Python functions
We are currently updating our minimal Python RAP package template, which is freely available to use via Github: RAP package template.
A function is a block of organised code that is reusable, and is used to perform a single defined action. Functions can take in multiple values (arguments) and can also return a value after executing. The code of the function only runs when it is called.
Features of a function
In Python, the standard library provides many useful built-in function such as len(), print(), str(), int(), however the programmer can define their own function to suit their particular needs and requirements.

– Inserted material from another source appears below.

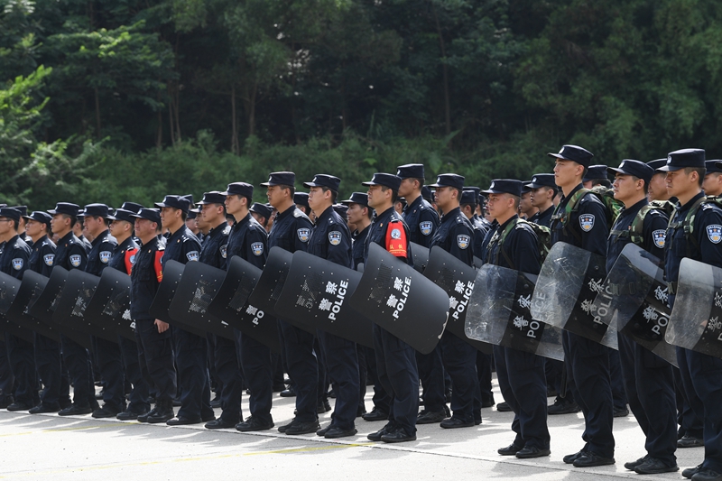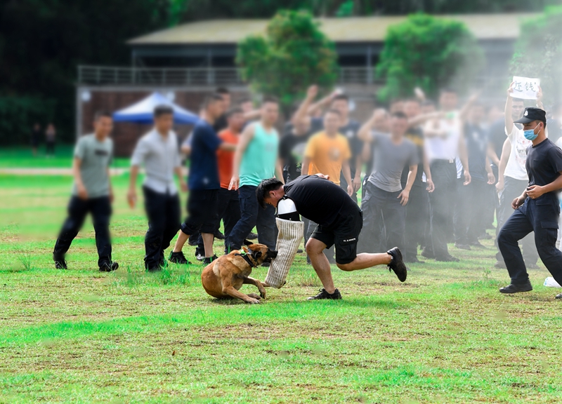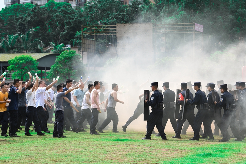 上午9时,伴随着紧急集合号,798名参训学员齐装满员仅用2分钟15秒即从宿舍到综合训练场集合完毕。刘金广主任以指挥长的身份立即宣布情况、下达开进命令和战前动员,14个学员分队闻令而动,边蹬车边穿戴防护服,边开进边补充任务。在处突阶段,演练以广东省南部地区新一轮疫情背景下,紧急拉动处置口岸突发事件为基本想定。首先在模拟边检大厅处置了扰乱秩序和“政治快闪”事件,紧接着在广州市公安局无人机中队和警犬中队配合下,各学员分队密切协同处置了口岸群体性突发事件。随后演练队伍迅速集结,刘金广主任以总导演的身份作了演练讲评,对参训学员表现出的战斗作风和学习态度给予充分肯定,同时针对演练中暴露出来的问题,要求学员进一步加快警察身份转变,不断增强法律意识,灵活运用战术战法,切实提升实战本领,并感谢局领导和机关给了校区和学员在实战训练中学习提高的机会。

Python functions are defined by using the def
keyword. Here is an example of a Python function which converts the argument temp
which is a value representing a temperature in Fahrenheit, into Celsius:
# Define the function
def fahrenheit_to_celsius(temp):
new_temp = (temp - 32) * (5/9)
return new_temp
# Use the function
fahrenheit_to_celsius(77)
>>> 25.0
It's also a common convention to return a Python expression directly, instead of assigning it to a variable. In previous example, we can re-write the same function to be more concise:
If you don't specify anything to be returned, your function will return None.
In this example we can see all the features of a function:
- The name of the function is
fahrenheit_to_celsius()
(you should use snake_case here) - The function has one argument
temp
. Function arguments in Python are listed between the parentheses after the function name. Additional function arguments are separated by commas. - The code body calculates the value of the input Fahrenheit temperature in Celsius.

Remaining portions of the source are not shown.